I knew he was right. I knew that, even if I somehow managed to get her, I'd be checking out others within a few months. I hated the kid for spoiling my fantasy, and I hated myself because I knew he was right. I felt so shallow.

But I went ahead and got her, anyway. I needed a new laptop.


(idea) by TheDeadGuy (6 hr) (print)   ?   (I like it!) 3 C!s Sun Nov 11 2001 at 3:44:49

We knew there was trouble when Scott showed up at the bar with a smile on his face and a spring in his step. He was a fairly intelligent guy, but sometimes he just missed the point. As he sat down between Kevin and myself, his smile brought forth words.

"I was making a delivery to Smithson Company today and they have got a new receptionist. She is absolutely gorgeous, great eyes, beautiful smile..."

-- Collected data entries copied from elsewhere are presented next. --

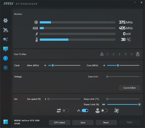 RTX 5090 LIGHTNING Zには2種類のvBIOSが搭載されている。標準のOCモードはTGP 800W設定だが、EXTREMEモードではTGPは1,000Wにまで引き上げられる。ただEXTREMEモードを選択してもGPUやメモリのクロックはOCモードと同じであるため、手動でオーバークロックをしない限りEXTREMEモードで性能向上はほぼ期待できない。「3DMark」などで軽く試した限りは、OCとEXTREMEモードの間には誤差程度の差しか出なかった。RTX 5090 LIGHTNING Zの性能を限界まで引き出したいなら、クロックと電圧の調整に全精力を傾けたいところだ。
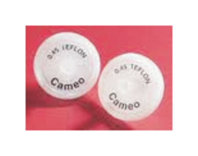 Cameo PTFE Syringe Filters with Glass Prefilters: 17mm Diameter, For use with aggressive acids, bases and for degassing solvents, Pack of 50
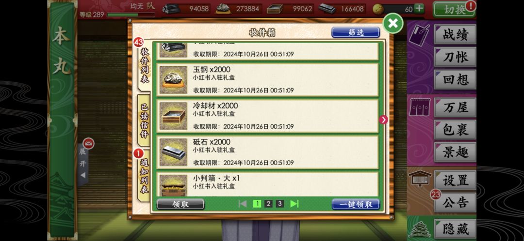 ①第一次挖地只记得是未满级极短住在88,挖了大概100w,只挖到两振白山吉光; ②第二次白山吉光×10,小判50w ,极短满级; ③第三次100w小判,极太5极大太1满级,极短挖通99,又住在99好几个小时,看到刀账红点多了鬼丸,在收件箱里发现的,白山吉光×9,江雪满乱8,御手杵满乱8。 为了接下来门票900的巧克力和异去快肝死了,正好趁着聚乐第养养神,期待丙子椒林的登场。
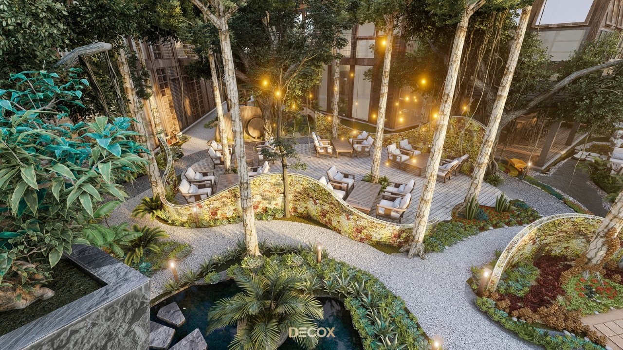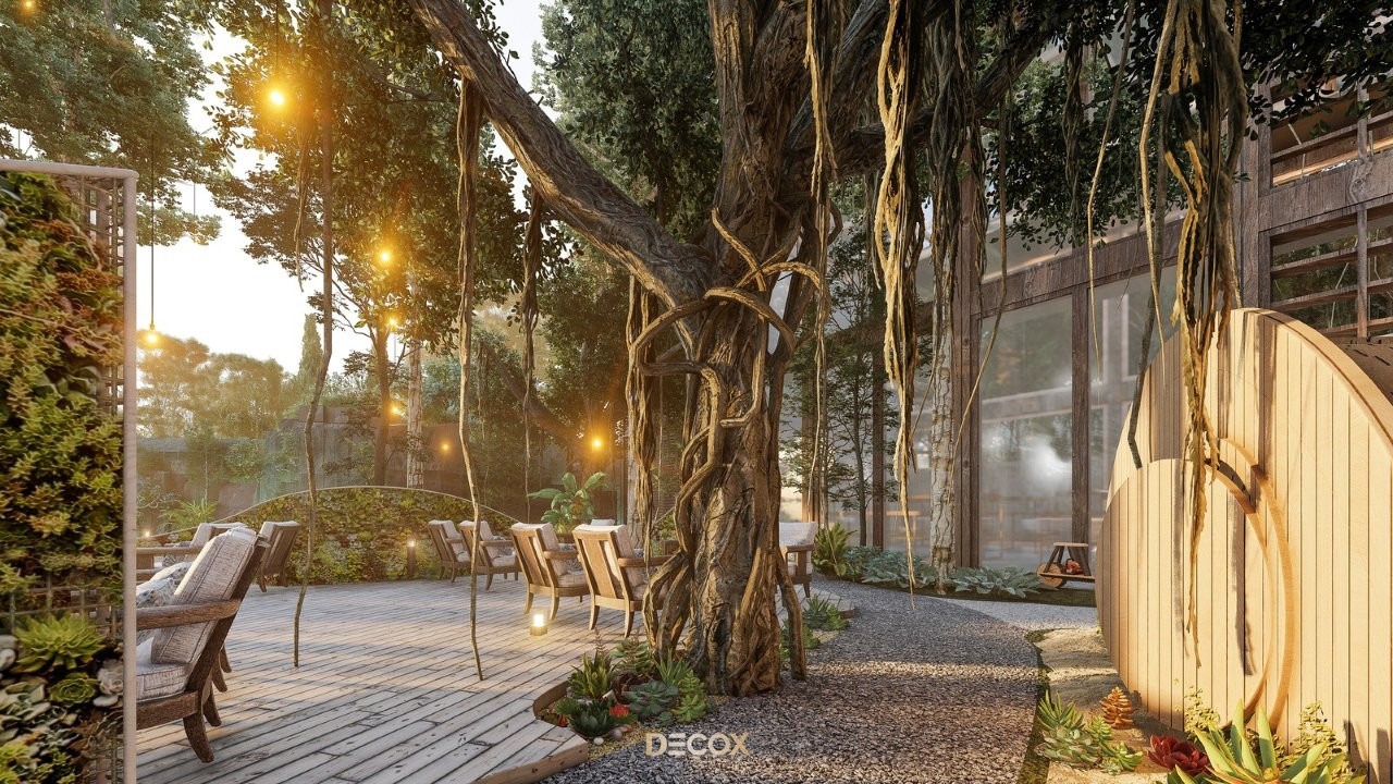 Thiết kế quán cà phê sân vườn dù triển khai trên diện tích 100m² hay quy mô lớn hàng nghìn mét vuông, điểm cốt lõi nằm ở triết lý quy hoạch "dòng chảy không gian" và nghệ thuật phân khu mạch lạc xóa bỏ ranh giới giữa con người và thiên nhiên. Phong cách thiết kế thường hướng đến Tropical, Rustic hay Zen để tạo dựng một "ốc đảo" tĩnh tại giữa phố thị.
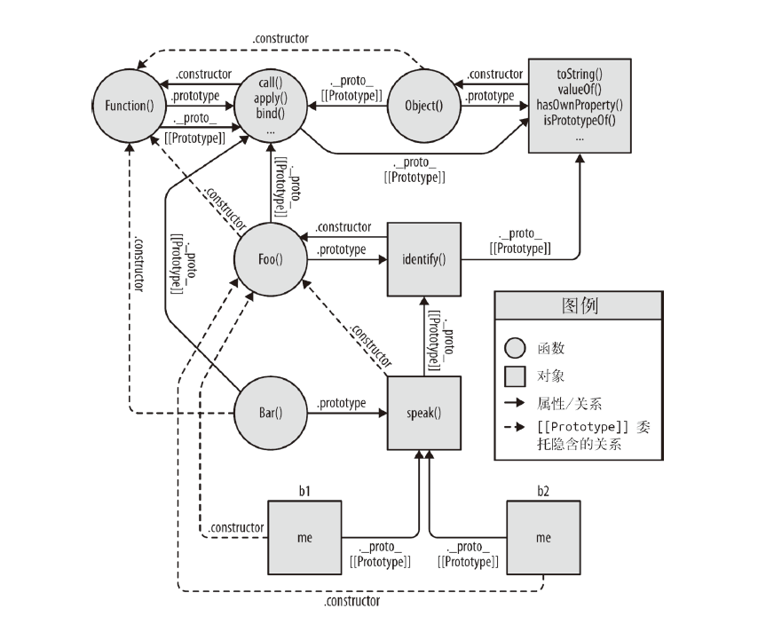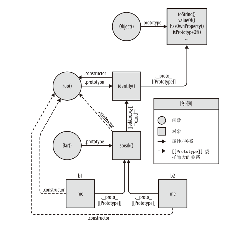function Foo(who) {this.me = who;}Foo.prototype.identify = function() {return "I am " + this.me;};function Bar(who) {Foo.call( this, who );}Bar.prototype = Object.create( Foo.prototype );Bar.prototype.speak = function() {alert( "Hello, " + this.identify() + "." );};var b1 = new Bar( "b1" );var b2 = new Bar( "b2" );b1.speak();b2.speak();
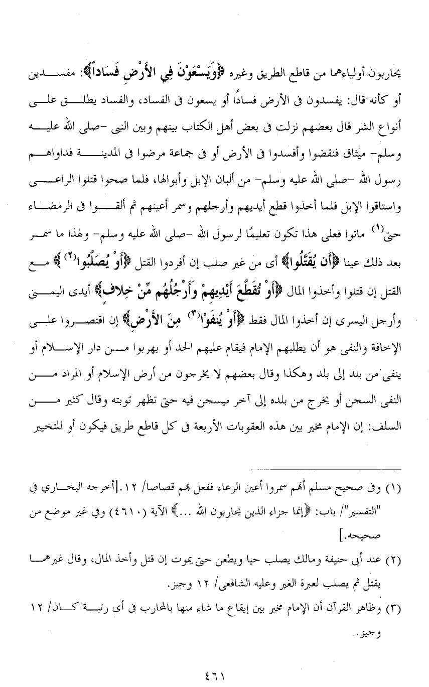 يحاربون أولياءهما من قاطع الطريق وغيره (وَيَسْعَوْنَ فِي الْأَرْضِ فَسَادًا): مفسدين أو كأنه قال: يفسدون في الأرض فسادًا أو يسعون في الفساد، والفساد يطلق على أنواع الشر قال بعضهم نزلت في بعض أهل الكتاب بينهم وبين النبي - صلى الله عليه وسلم - ميثاق فنقضوا وأفسدوا في الأرض أو في جماعة مرضوا في المدينة فداواهم رسول الله - صلى الله عليه وسلم - من ألبان الإبل وأبوالها، فلما صحوا قتلوا الراعي واستاقوا الإبل فلما أخذوا قطع أيديهم وأرجلهم وسمر أعينهم ثم ألقوا في الرمضاء حتى ماتوا فعلى هذا تكون تعليمًا لرسول الله - صلى الله عليه وسلم - ولهذا ما سمر بعد ذلك عينًا (أَنْ يُقَتَّلُوا) أي من غير صلب إن أفردوا القتل (أَوْ يُصَلَّبُوا) مع القتل إن قتلوا وأخذوا المال (أَوْ تُقَطَّعَ أَيْدِيهِمْ وَأَرْجُلُهُمْ مِنْ خِلَافٍ) أيدي اليمنى وأرجل اليسرى إن أخذوا المال فقط (أَوْ يُنْفَوْا مِنَ الْأَرْضِ) إن اقتصروا على الإخافة والنفي هو أن يطلبهم الإمام فيقام عليهم الحد أو يهربوا من دار الإسلام أو ينفى من بلد إلى بلد وهكذا وقال بعضهم لا يخرجون من أرض الإسلام أو المراد من النفي السجن أو يخرج من بلده إلى آخر فيسجن فيه حتى تظهر توبته وقال كثير من السلف: إن الإمام مخير بين هذه العقوبات الأربعة في كل قاطع طريق فيكون أو للتخيير
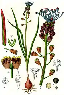 يبلغ طولها حتى 30 سنتمترا أصولها بصلة صغيرة اوراقها قرصية تنطلق من البصلة. ازهارها عناقيد مستطيلة أو جحالية الشكل يحملها شمراخ اجوف منها العقيمة و منها الخصبة بنفسجية اللون اسطوانية النورة و ثمارها حقق تحمل بذورا كروية الشكل.[3][4]
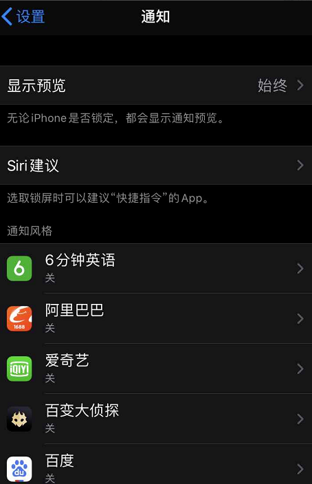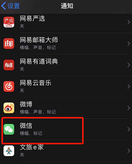 进入通知页面,可以查看全部软件的通知设置情况,找到微信,点击进入,
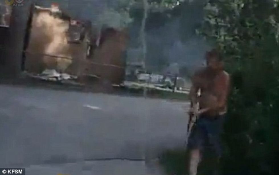 Randy Blecher, 50, used lighter fluid to set fire to his house and yard in Farmington, Arkansas, according to KSFM-TV. When officers arrived on scene, Blecher was outside with one handgun and a shotgun.
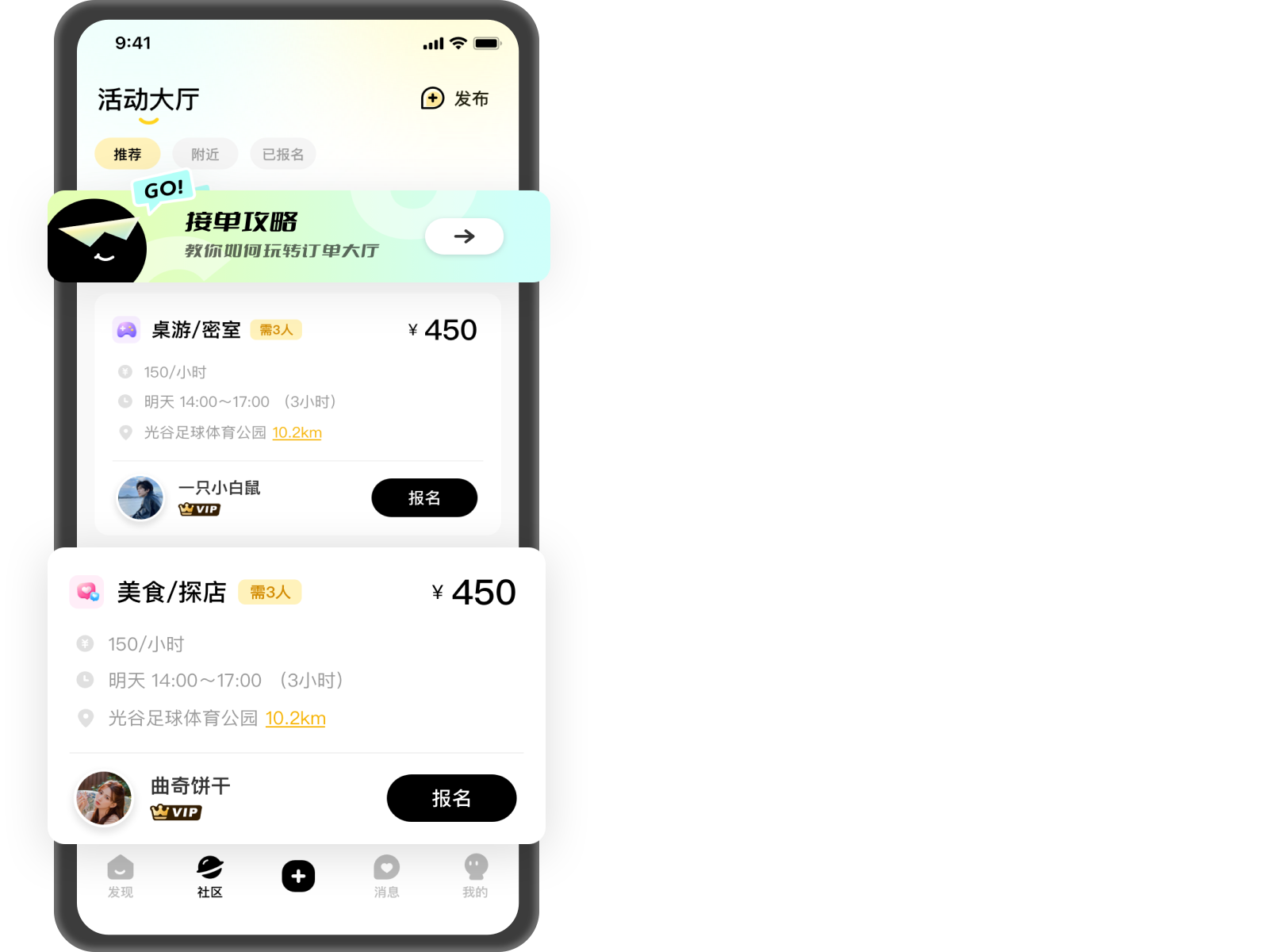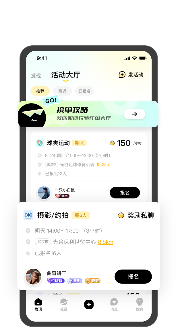 您也可以组局一起去唱k、酒吧、剧本杀、桌游、密室、看电影、吃美食等,快乐生活永不停!
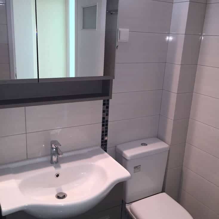 Αφού τελειώσαμε με την κουζίνα δε θα μπορούσαμε να αφήσουμε το παλαιό μπάνιο. Στο νέο ανακαινισμένο μπάνιο, η μπανιέρα αντικαταστάθηκε με ασύμμετρη ντουζιέρα και τοποθετήθηκε καμπίνα από κρύσταλλο ασφαλείας.
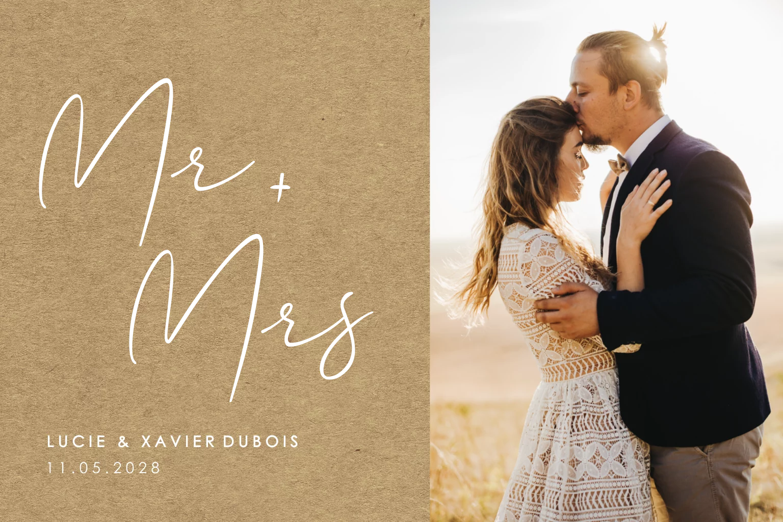 Carte de remerciement de mariage, aspect kraft avec photo et dorure.
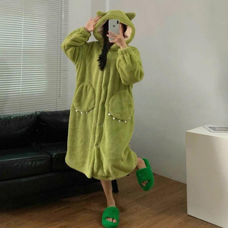 Уютная бархатная ночная рубашка с капюшоном и рисунком больших глаз - женская зимняя пижама свободного кроя из кораллового флиса 2024 года для пар — купить товар онлайн с бесплатной доставкой по всему миру!
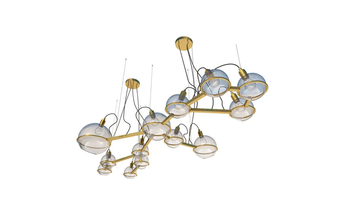 Chandelier Virgo SKU.20898 bu Pikartlights.The Spacelights series is a constellation for everyone. A HOROSCOPE IN METAL AND GLASS that illuminates any interior. Metal: brass, copper, chrome, painted metal. The Spacelights project is a constant in a changing space that makes you stop and find order in the stream of thoughts, closing the door to the daily hustle and bustle. The star is getting closer. Uniqueness in detail. The constellation of Virgo in your personal space. Virgo (Latin: Virgo) is a zodiac constellation located between Leo and Libra. In the modern era, the autumn equinox point is located in the constellation of Virgo. It is one of the largest constellations in the sky and is easily found in the starry sky thanks to its brightest star, Spica.Made of brass, glass, and steel, available in 4 colors. For more information please check the product page:
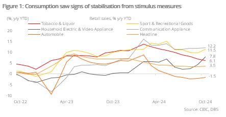 Retail sales growth accelerated from 3.3% y/y in the first nine months to 3.5% YTD in October as consumption sentiment saw signs of stabilising due to the stimulus measures. Spending on leisure, cosmetics, and household electronics surged by 26.7% , 40.1%, and 39.2% y/y respectively. However, a negative wealth effect from asset markets continues to dampen consumption sentiment with sales of big-ticket items, luxuries, and construction materials declining further. Hopefully, the CNY300bn consumption upgrade subsidy, equivalent to 0.6% of retail sales, will cushion the downtrend.
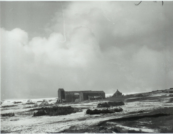 | Contenido: Vista general de la ermita de Santa Orosia de Yebra de Basa y su entorno. Ante la ermita se ven tiendas de campaña. Tras abandonar las posiciones de la zona de Javierre y pasar un breve tiempo en Sabiñánigo, el batallón de Sobregrau asciende el puerto de Yebra a partir del 21 de marzo y permanecen allí hasta el 3 de abril, en que el abandono de las posiciones circundantes por parte de los republicanos le permite avanzar hacia Sobrarbe. |

Yeah, he droned on about it for the next twenty minutes and most of us stopped paying attention after the beautiful smile part. He regained our attention when he began to unveil his master plan. He was set on putting himself with this girl, and he wasn't talking about a one night carnival of lust olympics. He was talking long term deal. It was madness. After meeting this girl for five minutes while making a delivery to her company, he was convinced of love at first sight.

To say that his master plan had flaws was an understatement. He intended to learn about all her interests, pretend he had the same interests and then go out and learn everything he could about those interests so he wouldn't look foolish when she eventually agreed to let him take her out for "the unforgettable dinner of a lifetime."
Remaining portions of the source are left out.